From the cries of our sons and daughters abroad, we, as a country, agreed to allow dual citizenship, seeing clear advantages that would come with it.
On the development front, the figures bear our diaspora out. Data from the World Bank data indicates that Kenyans living abroad sent home more money last year than the rest of the East Africa Diaspora combined, partly an indication of the changing earnings for our citizens abroad. Kenya’s Diaspora remittances in 2018 stood at Sh280 billion, way more than the Sh242 billion sent to the rest of Eastern Africa — Uganda, Tanzania, Rwanda, Burundi, South Sudan and Ethiopia.
Furthermore, remittances from Kenyans in the diaspora currently constitute the country’s single largest source of foreign currency, ahead of major crops and tourism. The Central Bank of Kenya reported that in the 12 months to June 2019, the remittance inflows rose to an all-time high, amounting to Sh285.4 billion from Sh251.4 billion last year, representing a 13.6-per cent growth.
It is against this background that I find the treatment of Ms. Mwende Mwinzi by our Parliament extremely disturbing and dubious. The whole debate around whether she qualifies to be Kenya’s ambassador has cast her as a criminal and reduced her to being less Kenyan than the Members of Parliament while the spirit of letter of the law should protect her.
Opposition to Mwende’s appointment amounts to killing the spirit and necessity of dual citizenship trough which Kenyans sought equal rights abroad and at home to enable them contribute to the development of our nation.
But it is not just about the remittances. Mwende Mwinzi was born in the US. That made her an American citizen. But she was born of a Kenyan father and that made her eligible to claim Kenyan citizenship, which she did when her father migrated to Kenya with the family. She thus ended up with being a citizen of two countries. However, she cannot denounce any because both have been acquired not by application and naturalization but by operation of the law. She cannot undo her birth in the USA; neither can she undo her sire by her father or his Kenyan citizenship.
The Constitution protects her from jeopardy by making a proviso for people like her that the bar from holding a State Office by people of dual citizenship will not apply where they cannot renounce it because it is obtained by operation of the law.
Furthermore, under the constitution today, anyone borne of a Kenyan parent is automatically a Kenyan citizen regardless whether they are born in Kenya or not. Under the current constitution she is a citizen of Kenya by birth even if she was born in America.
Article 14 of our Constitution stipulates that:
1) A person is a citizen by birth if on the day of the person’s birth, whether or not the person is born in Kenya, either the mother or father of the person is a citizen.

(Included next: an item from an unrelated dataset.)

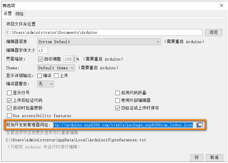 (1)文件菜单下的首选项对话框的附加开发板管理器网址,输入:
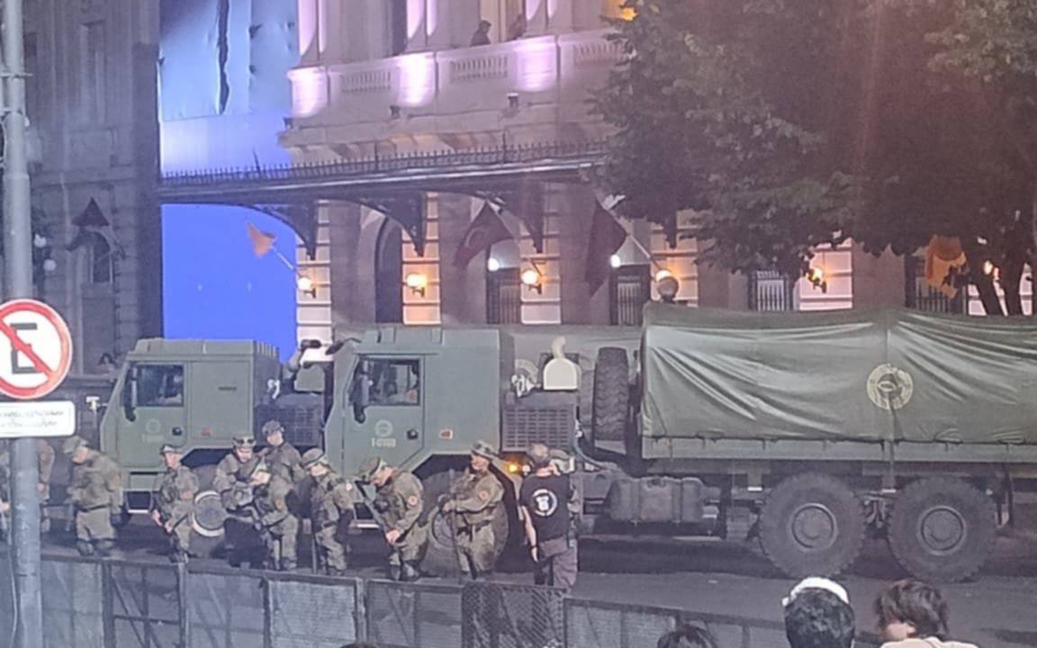 En los estandartes puede leerse la consigna “Gobierno de Unidad. Sudamérica en su destino”, una de las frases centrales que formarán parte de la estética del film y que anticipa el tono de la historia que se desarrollará en escenarios emblemáticos de la ciudad.

(2) Clause (1) applies equally to a person born before the effective date, whether or not the person was born in Kenya, if either the mother or father of the person is or was a citizen.
Other than petty vendetta and a refusal by our Parliament to rise above partisan interests and act in the interest of the nation, there is no reason whatsoever for MPs to maintain Ms. Mwende Mwinzi cannot be our ambassador abroad. I appeal to our MPs to always stand up for the nation. Both the law and the interest of the nation allow Ms. Mwende Mwinzi to represent our country abroad.
RT. HON RAILA ODINGA, EGH.
October 5, 2019.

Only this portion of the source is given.